Le dernier outil à installer est au niveau de l'analyse du contenu de l'e-mail d'attaque par une intelligence artificielle. En effet, nous recevons des dizaines d'e-mails par jour et presque par réflexe nous cliquons sur ceux qui nous semblent corrects. Si on vous annonce un iPhone12 pour 1€ ou bien la nouvelle PS5 contre les frais d'envoi, bien peu se font avoir. Mais si on reçoit un e-mail qui a recopié le phrasé, la signature habituelle d'un collègue ou d'un fournisseur avec qui nous correspondons régulièrement, c'est très difficile de ne pas se faire piéger. Or l'e-mail est faux (le vrai a été récupéré lors d'un piratage précédent Collection#1), seuls les liens cachés sont erronés, mais on ne les verra que lors d'une analyse attentive du message. Dans le cas de spear phishing, comme les "arnaques au Président", il n'y a même pas de lien frauduleux ou de pièce jointe contaminée… 

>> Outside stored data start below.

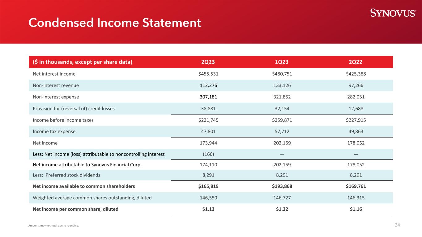 24(千美元,每股数据除外)2Q23 1Q23 2Q22净利息收入455,531美元480,751美元425,388美元非利息收入112,276133,12697,266非利息费用307,181321,852282,051信贷损失拨备(转回)38,88132,15412,688所得税前收入221,745美元259,871美元227,915所得税费用47,80157,71249,863净收入173,944202,159178,052减:归属于非控制性权益的净利润(亏损)(166)——归属于Synovus Financial Corp.的净利润174,110202,159178,052减:优先股股息8,2918,291普通股股东可获得的净利润165,819美元193,868美元稀释后146550146,727146,315每普通股净收入,稀释后1.13美元1.32美元1.16美元简明损益表由于四舍五入的关系,金额可能不在总数之内。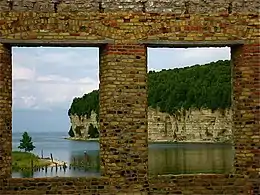 The Garden Peninsula is part of the western sill of limestone bedrock of the Niagara Escarpment. The other surviving portion of the sill is now Wisconsin's Door Peninsula. Parts of the limestone sill between the Door and Garden peninsulas have been eroded away by glaciers. An archipelago of islands south of the Garden Peninsula spans the gap between the two peninsulas, and hems in Green Bay, Lake Michigan's largest bay, to the west. The Garden Peninsula's line of limestone hills reaches as high as 165 feet (56 m) above the water at Burnt Bluff south of Fayette.[1]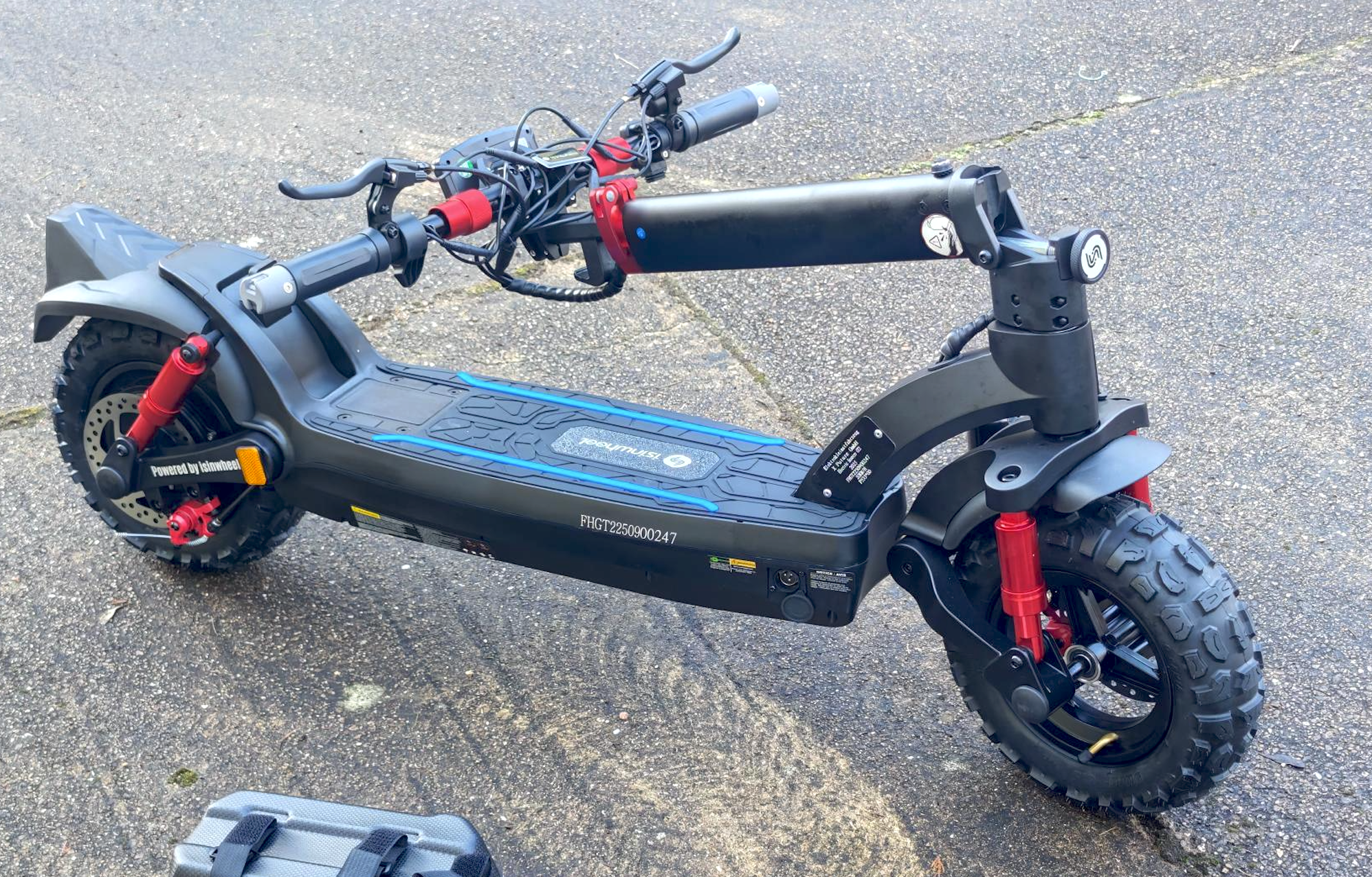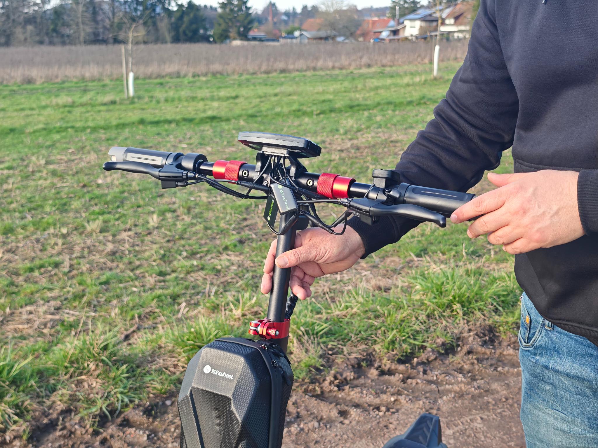 Aber hier kommt auch ein Kritikpunkt: Das Gewicht und der Klappmechanismus. Mit einem Leergewicht von stolzen 24,7 Kilogramm ist das Teil verdammt schwer. Treppensteigen macht damit absolut keinen Spaß und ist für zierliche Personen auch gar nicht möglich. Zudem ist der Klappmechanismus unergonomisch gelöst. Um den Scooter zusammenklappen zu können (gefaltet: 1220 x 220 x 560 Millimeter), müsst ihr zwingend die Höhe der Lenkstange verstellen.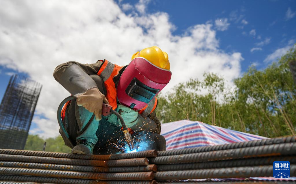 工人在薩熱路跨江大橋建設(shè)現(xiàn)場(chǎng)焊接鋼筋(6月18日攝)。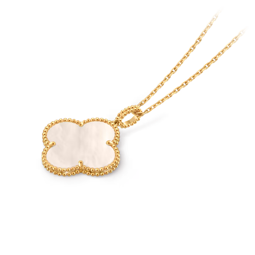 Magic Alhambra long necklace 1 motif, 18K yellow gold, white mother-of-pearl.

C'est là où intervient l'IA: En analysant le contexte et le contenu de l'email l'algorithme va déterminer s'il s'agit d'un message licite ou non. S'il propose une transaction financière, par exemple. L'IA va également "apprendre" les habitudes d'emails de l'entreprise entre les employés, dresser des profils et pourra ainsi détecter ceux qui sortent de l'ordinaire (par inférence Bayésienne). De même l'IA va analyser les phrases qui instillent des "urgences" ou des "impératifs hiérarchiques" typiques de ce type de messages: 

(c) VADESECURE

Si vous utilisez des solutions cloud, vérifiez que votre fournisseur a bien mis en place toutes ces protections sur votre messagerie, ce qui sera naturellement le cas pour les grands fournisseurs renommés. 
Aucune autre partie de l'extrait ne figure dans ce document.